[Work request] Keep the pictures out. Copy every line of the listing exactly.
:: Dataset extract
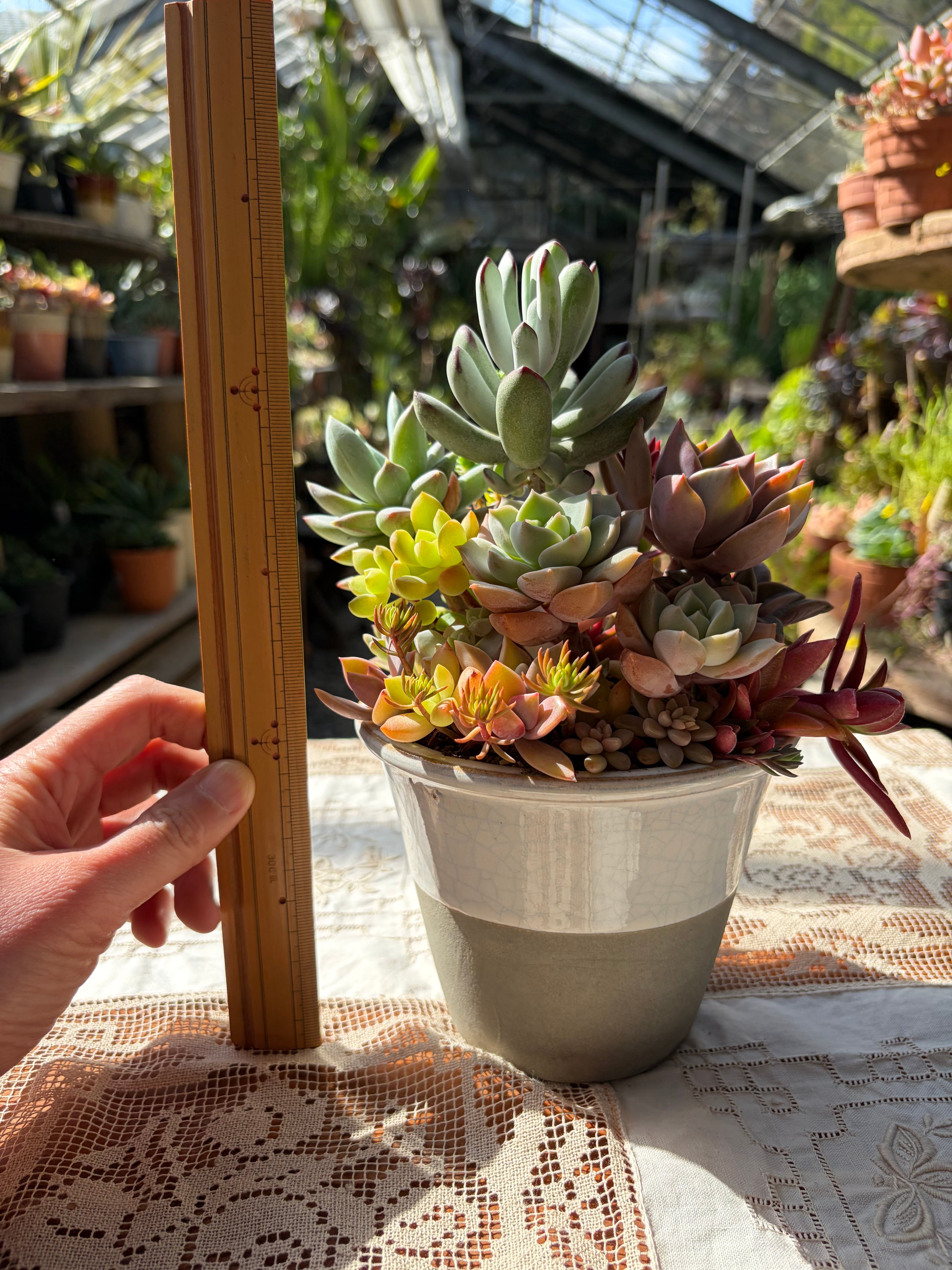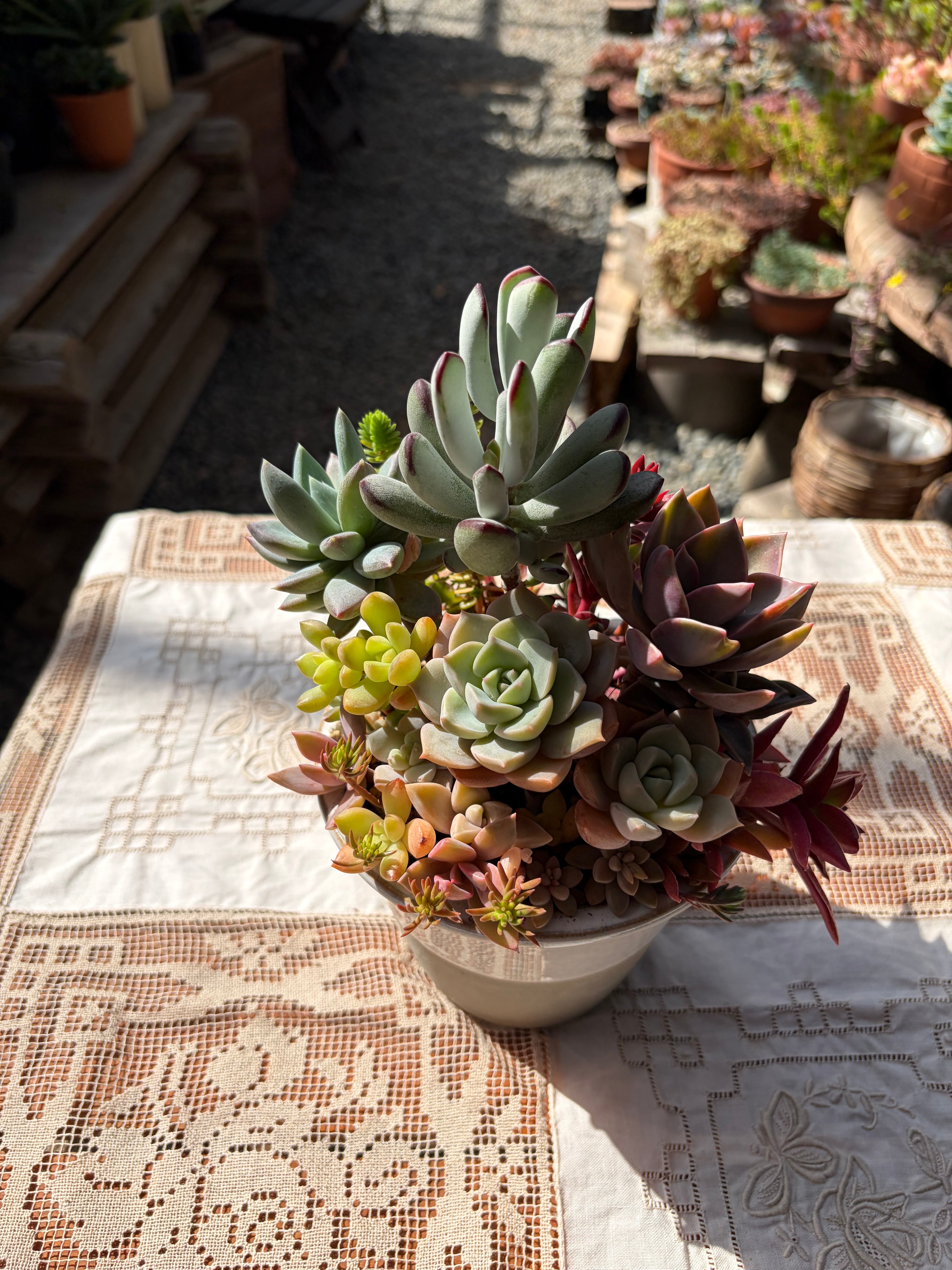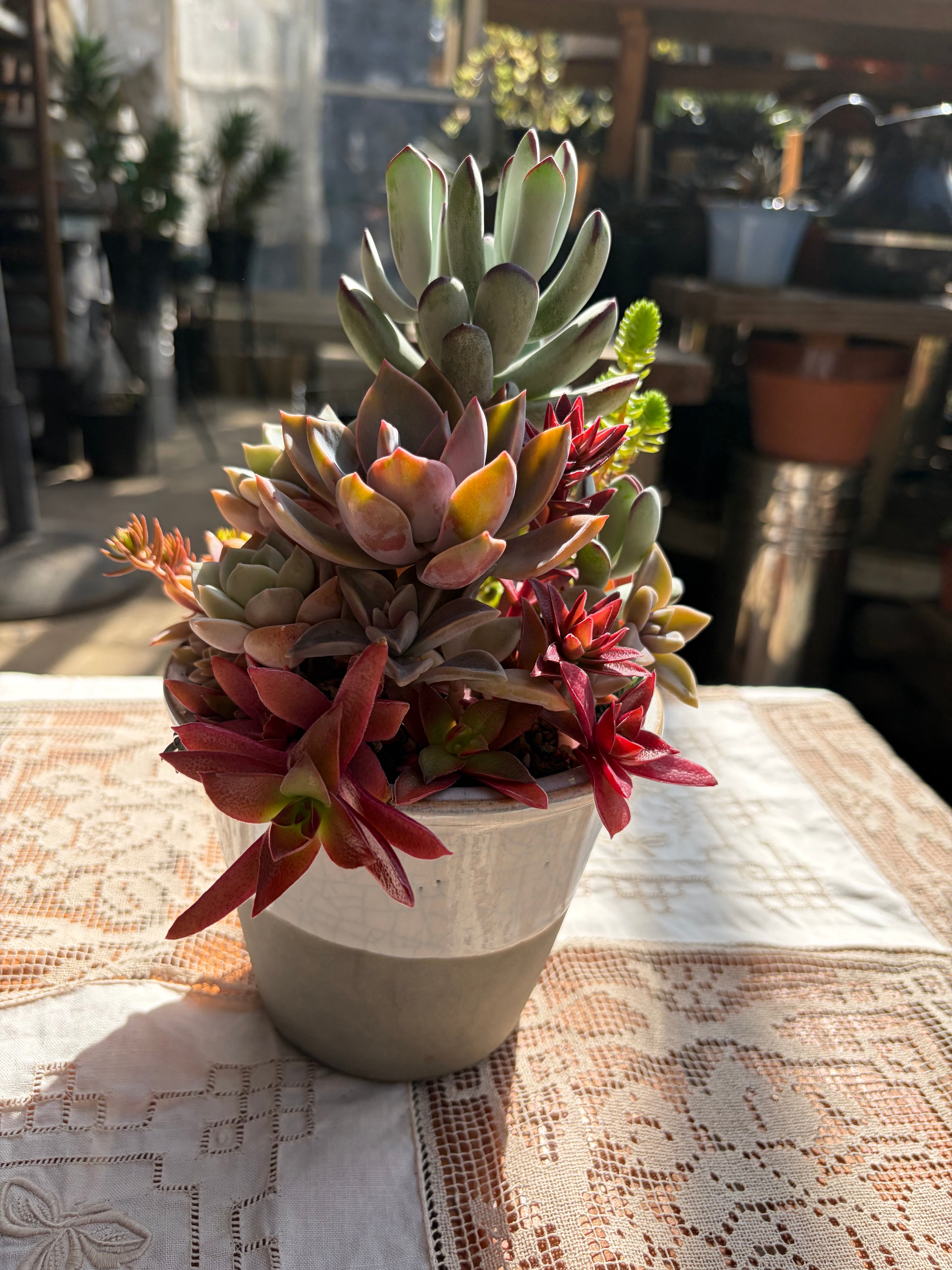 自家栽培の多肉植物を使った美しいアレンジメントです。陶製の白グレーポットに、福娘、ヒアリウム、白牡丹、火祭り、パープルキングなどさまざまな種類の多肉植物が調和よくまとめられています。ユニークな葉色と形状の多肉たちが、部屋に独自のアクセントを加えます。
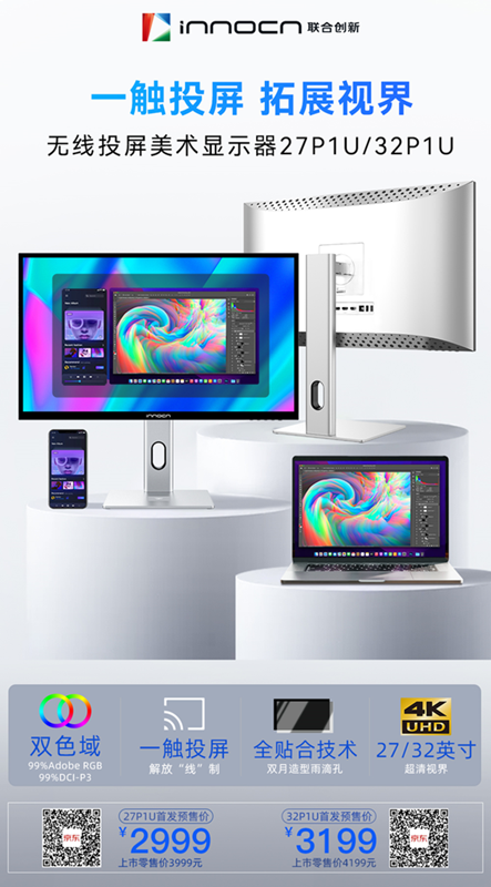 联合创新 P1U系列宽频投屏国画显示器已于6月6日正式上市,联合创新 27P1U市场定价3999元,6月6日京东首发预售,活动时长6月6日10点-6月15日19点30,房款时长15日20:00-17日24点,房款100抵1100,首发价2999,晒单返50元京东E卡!
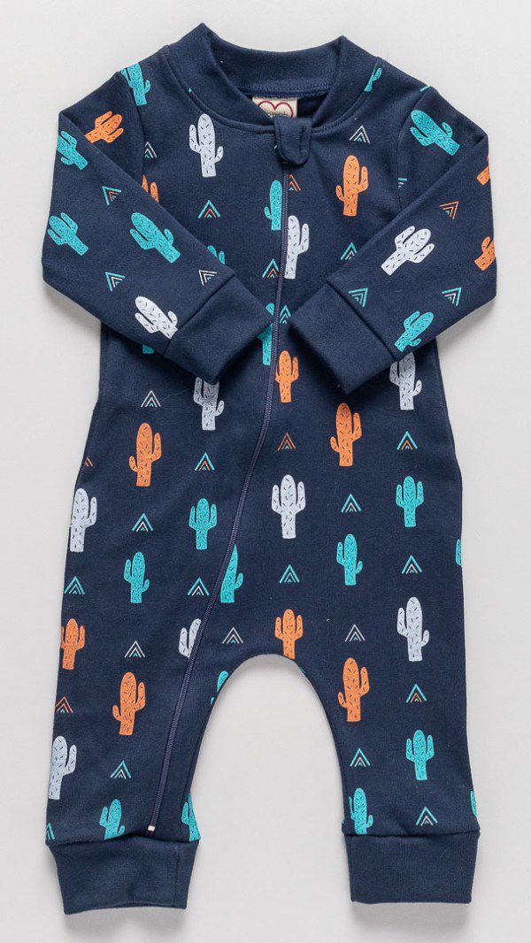 Macacão Bebê Suedine 100% Algodão Marinho Cacto, material super macio e fresquinho proporcionando muito conforto para seu bebê. Com zíper frontal e proteção interna para não ter contato com o zíper na pele do bebê.
::::
[Exercise result]
 自家栽培の多肉植物を使った美しいアレンジメントです。陶製の白グレーポットに、福娘、ヒアリウム、白牡丹、火祭り、パープルキングなどさまざまな種類の多肉植物が調和よくまとめられています。ユニークな葉色と形状の多肉たちが、部屋に独自のアクセントを加えます。
 联合创新 P1U系列宽频投屏国画显示器已于6月6日正式上市,联合创新 27P1U市场定价3999元,6月6日京东首发预售,活动时长6月6日10点-6月15日19点30,房款时长15日20:00-17日24点,房款100抵1100,首发价2999,晒单返50元京东E卡!
 Macacão Bebê Suedine 100% Algodão Marinho Cacto, material super macio e fresquinho proporcionando muito conforto para seu bebê. Com zíper frontal e proteção interna para não ter contato com o zíper na pele do bebê.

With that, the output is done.